Posts

In April 2020, S&P Global Market Intelligence and Social Market Analytics, Inc. (SMA) launched ‘Machine Readable Filings’ (MRF), a sophisticated textual data offering which applies Parsing and Natural Language Processing to generate machine readable text extracted from SEC Regulatory Filings. Machine Readable Filings allows businesses and investors to incorporate more qualitative measures of company performance into their investment strategy by using machine readable text from full or individual sections of regulatory filings to enhance their analysis of companies. The parsed textual data allows firms to drill down on both historical and new filings in near real-time.  My last blog introduced the product and illustrated some basic return characteristics present in filings word count.

This blog explores the predictive nature of filings using SMA patented NLP and machine learning. For our analysis we used all active securities with a price greater than 5 dollars. Our analysis starts in 2006.  Securities are broken into quintiles based on each factor.  These factors are samples of the extensive metrics that can be created with this data.  Quintiles are re-balanced monthly based on each company’s most recent filing. 10-Q’s are compared to prior 10-Q’s and 10-Ks are compare to prior 10-K’s.  These are not meant to be trading models. They illustrate the predictive power of the data and use as broad a universe as possible. Two interesting distributions are below: distribution of word counts for 10-K (mean 36,000) and distribution of average sentiment.  As you can see companies try and keep the 10-K as upbeat as possible.

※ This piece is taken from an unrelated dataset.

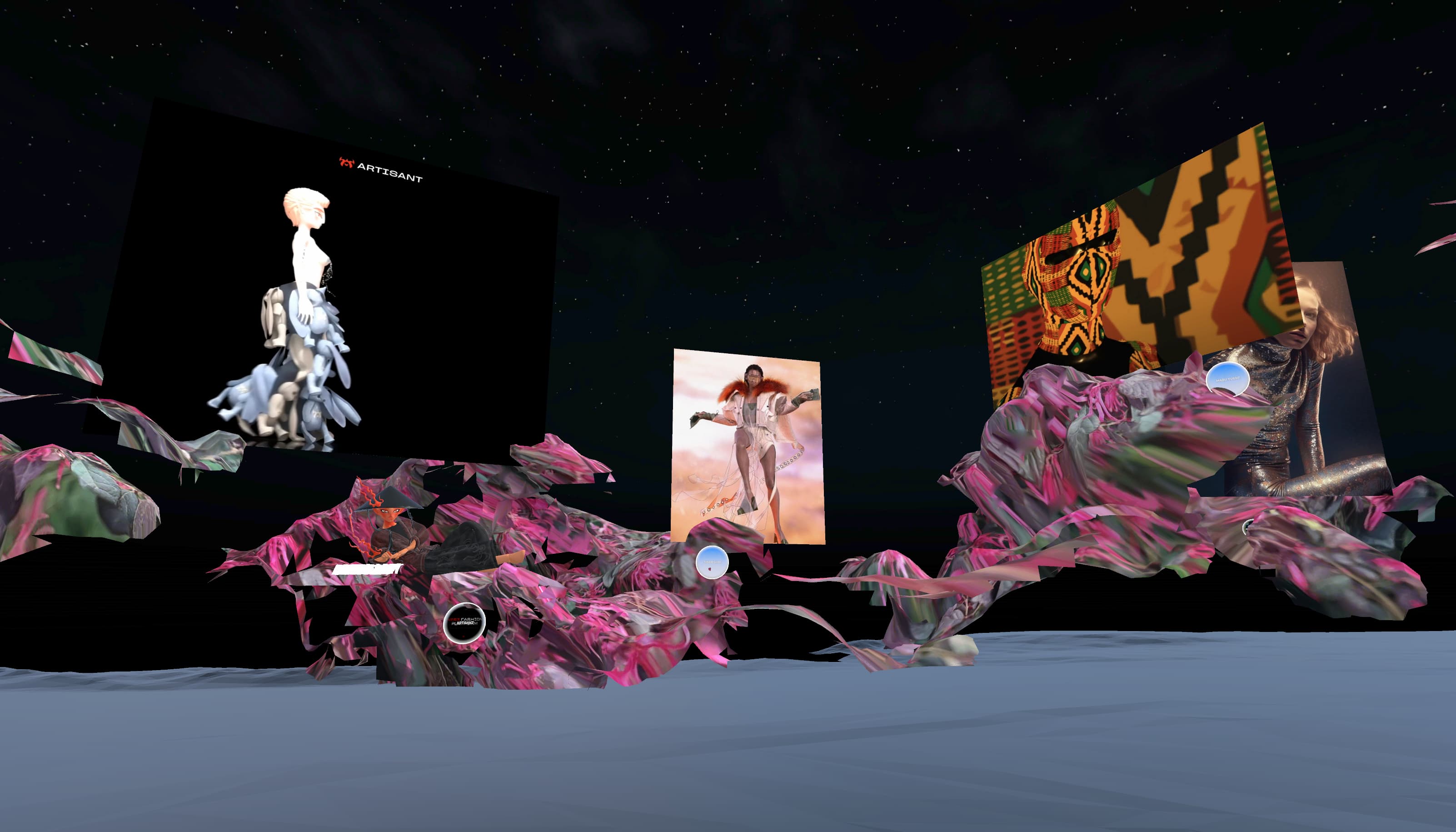 The exhibition features the works of 28 of the most avant-garde digital creators, each pushing the boundaries of what's possible with technology, fashion, beauty and art. From fashion creations to mind-bending AI artworks, this exhibition will challenge your perceptions of aesthetics and take you on a journey through the possibilities of the digital medium. The featured artists are: 0010x0010, Adriana NFT, Artisant, Auroboros, Chrryt, Craves, Costomix, Formless Initial, Guillaume Sauzey Soze, Hardmetacore, HONEY, Infinite Vibes, Kota Yamaji, LETTONNE, Maburuka Yussif, Maria Gudjohnsen, Marika D’Auteuil Illusory Beauty, Mengze Zheng, PET LIGER, RickDick, Sarah Mayer, Silvia Badalotti, Taskin Goec, Terry Gates, Umut_Alberto, Vanessa Pagano and Xiangyu Liu.

Our first factor is Change in Sentiment Hits. Sentiment hits are the number of times our NLP was able to identify a word or segment in a sentence. Positive hits + Negative hits + Neutral hits.  The green line represents filings with the largest increase in sentiment hits while the red line represents filings with the largest decrease in sentiment hits. Large increases in sentiment hits tend to under perform and large decreases in sentiment hits tend to outperform its peers.

The quintile performance characteristics are below.   Although quintile 2 and 3 are out of order you see the average values for those quintiles are near zero.  Quintile 1 outperforms quintile 5 by 3% annualized.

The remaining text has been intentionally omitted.